Татьяна была не только известной модисткой, но и членом небольшой группы женщин, избравших моду своей профессией и руководивших ею в Нью-Йорке – помимо Татьяны, это были редактор Диана Бриланд, дизайнер Валентина, стилист Хэтти Карнеги, Полин Поттер, впоследствии – Полин де Ротшильд. Но Татьяна была самой прогрессивной из них, из всех модных заповедей наиболее страстно отрицала максиму Дианы Бриланд: “Элегантность – это отказ от чего-либо”. Моя мать довела до совершенства искусство чрезмерности: она увешивала себя гроздьями бижутерии, включая двадцатисантиметровые копии доколумбовых нагрудников[8], тяжелые стеклянные серьги и самое знаменитое ее украшение – массивный перстень с куполом из фальшивых рубинов, напоминавший навершие епископского посоха.
Несмотря на вычурную манеру одеваться, Татьяну называли одной из самых элегантных женщин Нью-Йорка.
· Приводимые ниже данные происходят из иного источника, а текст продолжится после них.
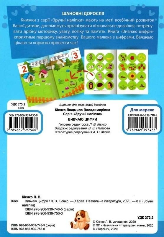 Книжки з серії "Зручні наліпки" мають на меті всебічний розвиток дитини, допоможуть організувати пізнавальне дозвілля, потренувати дрібну моторику, увагу, логіку, памʼять. Книга познайомить дитину з оточуючими її тваринами, предметами та явищами, тим самим розширюючи її кругозір. Мʼяка обкладинка, 14 сторінок.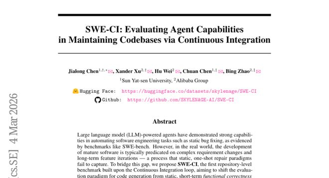 这项由中山大学和阿里巴巴集团联合开展的研究发表于2026年3月4日,已提交至顶级会议评审中,研究论文编号为arXiv:2603.03823v1。有兴趣深入了解的读者可以通过该编号在学术数据库中查询完整论文,也可以在Hugging Face平台搜索"skylenage/SWE-CI"或在GitHub上访问"SKYLENAGE-AI/SWE-CI"项目获取相关资源。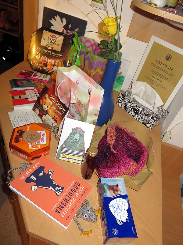 von Olga: hier meine Geschenkesammlung vom gestrigen Geburtstag - ich bin ja soooo dankbar, wie viele liebe Menschen an mich gedacht haben.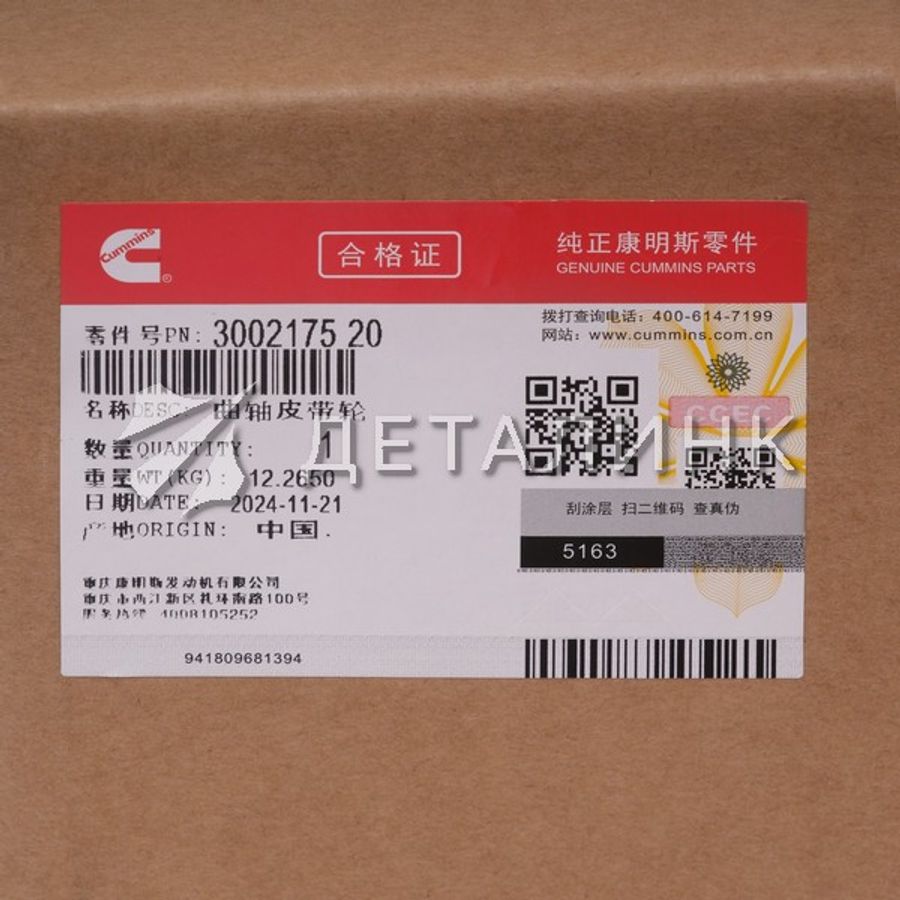 Если вы ищете проверенное качество и профессиональный сервис, «Деталинк» поможет купить шкив вала коленчатого бренда Cummins, арт. 3002175-20 быстро и удобно, в наличии и под заказ.

Дело в том, что элегантность – это прежде всего последовательность; а ее манеры, голос и жесты идеально соответствовали внешнему виду. Она была бесцеремонной, нетерпимой, откровенно высокомерной, порывистой, по-королевски щедрой и категоричной, как советский комиссар. Она не просто говорила, она заявляла, и многие ее заявления на корню подрывали признанные символы роскоши. “Норка хороша только для футбола, – говорила она. – Бриллианты – для провинциалок”. Ни один известный мне законодатель мод так воинственно не клеймил выставленное напоказ богатство, не бичевал совершенство простых и ясных линий. Она так гордилась 35-долларовым гарнитуром садовой мебели, купленным в универмаге Macy's, что он переезжал с ней во все дома на протяжении полувека. Когда ее не стало и мне пришлось оценивать ее скромное имущество, я обнаружила, что знаменитое рубиновое кольцо, десятилетиями приводившее в восторг весь Нью-Йорк, сделано из скромных гранатов и стоит не больше 1200 долларов.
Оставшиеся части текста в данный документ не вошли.